Steam enveloped me as I poured water over coffee granules. The smell was calming and with a mug of coffee in one hand and a lit cigarette in the other, I grabbed a few moments of peace before facing whatever waited in Vivienne’s room. I kept looking at the clock. Time had never seemed important before. If I had to be somewhere, a rally or protest or even a party, someone would remind me. I noticed a calendar attached to the back of the kitchen door and wandered over to it. It still displayed February. Notes were scribbled all over the page, plans Mother had made. It was probably February when Tomas first wrote about Vivienne’s brea
kdown. Four months or more had passed since then. During that time I was only vaguely aware of this family; my friends in London were my life. Now I found myself, once again, stuck in this insane asylum, never knowing what might happen next, except this time Vivienne was not my gaoler, but a fellow inmate. I wondered whether this was how Vivienne had felt, whether the same ghosts had haunted her and how she had coped. Any better than me?
I unhooked the calendar, looking for a moment at the ballet dancers in the photograph, so serene yet so sad, their beautiful costumes masking the pain of each movement. I folded back the pages until I reached June. I wondered what day it was and guessed it was Monday and the latter half of the month. In the space under the 21st of June was scribbled Tomas’s birthday. I wondered whether I had missed it, or whether it would be soon. I remembered making arrangements to be somewhere, Scott’s place. Perhaps that was today? I scribbled a note for Chrissie, grabbed my rucksack and headed out of the house.
The day was hot again. Scott led me into the garden and poured a glass of minted water. I saw the tree near the wall, exactly as I had that first day when the bricks became glass.
‘What a beautiful tree. What do all the ribbons mean?’
‘They’re offerings. If I ask for something I give something back. It’s a very old oak. Full of power. Touch it.’
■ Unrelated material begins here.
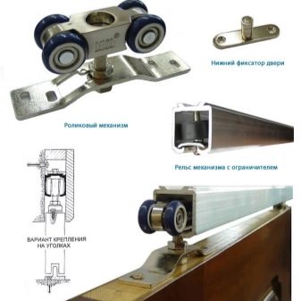 الدليل السفلي – صمولة توجيه ، يتم تضمينها عادةً في مجموعة هذه الملحقات أو يتم شراؤها بشكل منفصل. هذا العنصر المرئي لا يناسب دائمًا مالك الغرفة. سيكون البديل هو مربع الاختيار ، والذي تحتاج إلى عمل أخدود به قاطع وإخفاء الدليل فيه. السكة السفلية مثبتة على الأرض ويمكن ضبطها بالمسامير والعربات. مع المستوى ، تأكد من التحقق من موقع الباب وآليات التثبيت ، وفتح في كل مرحلة.

We wandered down the garden path and stood in front of the wide trunk. Scott’s slim hand extended towards it. I watched him, searching his expression for any trace of mockery, but found none. My palms tingled in expectation. The wide branches were full of leaves and ribbons. I reached out to touch its rough bark. It felt cool in spite of the sunshine, shaded by its leafy canopy. Scott smiled in approval and I pressed my cheek against the dragon-scales bark and felt a soft, slow heartbeat, so slow I could hardly distinguish when it began or ended, nevertheless I was convinced I could hear it. Pressing my whole body against the tree, I slow danced with nature. Tears washed my face. Beneath the salty wetness I was beaming.